Sarah M. Hörst, an assistant professor of Earth and Planetary Science at Johns Hopkins University, is also skeptical, noting that chemistry can become super complex without life being involved. According to her, unusually complex organic molecules and interesting activity on the comet aren’t compelling signs of life.
“We know complex organics are generated many places in the Solar System through photochemistry and we know that type of organic material can be refractory, so I don’t see any compelling evidence from the press release that there is evidence for anything other than abiotic chemistry,” she told The Washington Post.
67P/Churyumov-Gerasimenko is currently being studied by ESA’s Rosetta orbiter along with the Philae lander on the comet’s surface.
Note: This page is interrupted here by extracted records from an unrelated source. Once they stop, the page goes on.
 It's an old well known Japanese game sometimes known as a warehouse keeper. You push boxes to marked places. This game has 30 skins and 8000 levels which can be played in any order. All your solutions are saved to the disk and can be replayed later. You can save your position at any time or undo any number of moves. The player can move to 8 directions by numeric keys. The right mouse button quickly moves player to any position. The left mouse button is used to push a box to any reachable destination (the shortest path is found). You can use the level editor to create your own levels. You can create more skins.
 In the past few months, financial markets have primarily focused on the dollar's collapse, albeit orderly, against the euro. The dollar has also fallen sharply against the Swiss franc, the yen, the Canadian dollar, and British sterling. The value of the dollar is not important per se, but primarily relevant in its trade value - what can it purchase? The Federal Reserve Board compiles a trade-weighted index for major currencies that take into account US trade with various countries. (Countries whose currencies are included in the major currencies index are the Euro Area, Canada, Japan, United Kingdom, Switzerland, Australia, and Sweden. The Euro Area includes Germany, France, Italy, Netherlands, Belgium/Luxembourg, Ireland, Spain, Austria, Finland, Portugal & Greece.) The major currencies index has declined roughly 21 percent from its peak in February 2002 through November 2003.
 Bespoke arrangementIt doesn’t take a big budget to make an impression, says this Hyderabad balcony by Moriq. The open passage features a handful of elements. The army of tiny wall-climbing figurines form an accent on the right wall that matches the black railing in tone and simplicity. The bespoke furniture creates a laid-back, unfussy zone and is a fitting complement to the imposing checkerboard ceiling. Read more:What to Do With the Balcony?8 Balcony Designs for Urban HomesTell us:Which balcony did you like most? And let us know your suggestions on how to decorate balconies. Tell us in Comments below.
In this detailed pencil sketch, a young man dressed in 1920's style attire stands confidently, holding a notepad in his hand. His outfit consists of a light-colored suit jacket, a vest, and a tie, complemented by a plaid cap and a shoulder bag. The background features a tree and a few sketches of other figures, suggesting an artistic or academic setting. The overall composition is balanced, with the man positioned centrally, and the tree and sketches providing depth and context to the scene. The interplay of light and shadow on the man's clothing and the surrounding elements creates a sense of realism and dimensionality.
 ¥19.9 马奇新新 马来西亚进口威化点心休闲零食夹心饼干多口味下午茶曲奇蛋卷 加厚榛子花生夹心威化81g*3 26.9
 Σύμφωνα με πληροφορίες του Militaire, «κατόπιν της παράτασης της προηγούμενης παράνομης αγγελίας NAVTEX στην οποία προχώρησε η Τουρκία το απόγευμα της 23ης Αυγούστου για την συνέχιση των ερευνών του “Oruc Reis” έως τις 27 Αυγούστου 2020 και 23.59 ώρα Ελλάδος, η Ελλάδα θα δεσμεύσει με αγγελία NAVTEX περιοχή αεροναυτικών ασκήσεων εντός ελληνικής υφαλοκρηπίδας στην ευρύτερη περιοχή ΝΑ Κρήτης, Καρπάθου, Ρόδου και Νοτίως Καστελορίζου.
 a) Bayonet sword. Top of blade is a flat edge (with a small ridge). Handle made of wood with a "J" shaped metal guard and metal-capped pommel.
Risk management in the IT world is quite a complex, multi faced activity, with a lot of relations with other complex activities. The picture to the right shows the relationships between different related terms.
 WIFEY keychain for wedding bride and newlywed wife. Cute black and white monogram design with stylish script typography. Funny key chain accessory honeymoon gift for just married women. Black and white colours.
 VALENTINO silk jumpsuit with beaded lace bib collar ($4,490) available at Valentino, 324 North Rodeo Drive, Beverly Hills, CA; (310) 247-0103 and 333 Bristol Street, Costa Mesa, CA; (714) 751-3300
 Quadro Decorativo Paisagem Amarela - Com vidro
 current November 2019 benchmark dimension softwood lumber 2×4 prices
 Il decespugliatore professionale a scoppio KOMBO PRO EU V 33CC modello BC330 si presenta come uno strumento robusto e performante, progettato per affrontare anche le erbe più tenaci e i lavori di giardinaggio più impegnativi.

Philae would provide more insights on the recent claims but, unfortunately, after its troubled stay on the comet, communications with the probe are now irregular and unstable. The lander woke up after seven months of hibernation and the main concern for scientists now is to maintain contact with it.
“To continue conducting scientific work with Philae, we rely on long and predictable contact times,” said Philae Project Manager, Stephan Ulamec.
Once Philae can receive and execute extensive command sequences safely as well as store the measurement data and send it to the ground team, its 10 instruments will be operated again.
Meanwhile, Rosetta project scientist Matt Taylor has also addressed the recent ‘life on the comet’ claims, by saying: “It’s pure speculation, I think it is unlikely,” The Telegraph reports.
However, Wallis and Wickramasinghe, undeterred by the skepticism, see further evidence for life in the detection by Philae of abundant complex organic molecules on the surface of the comet and in the infrared images taken by Rosetta.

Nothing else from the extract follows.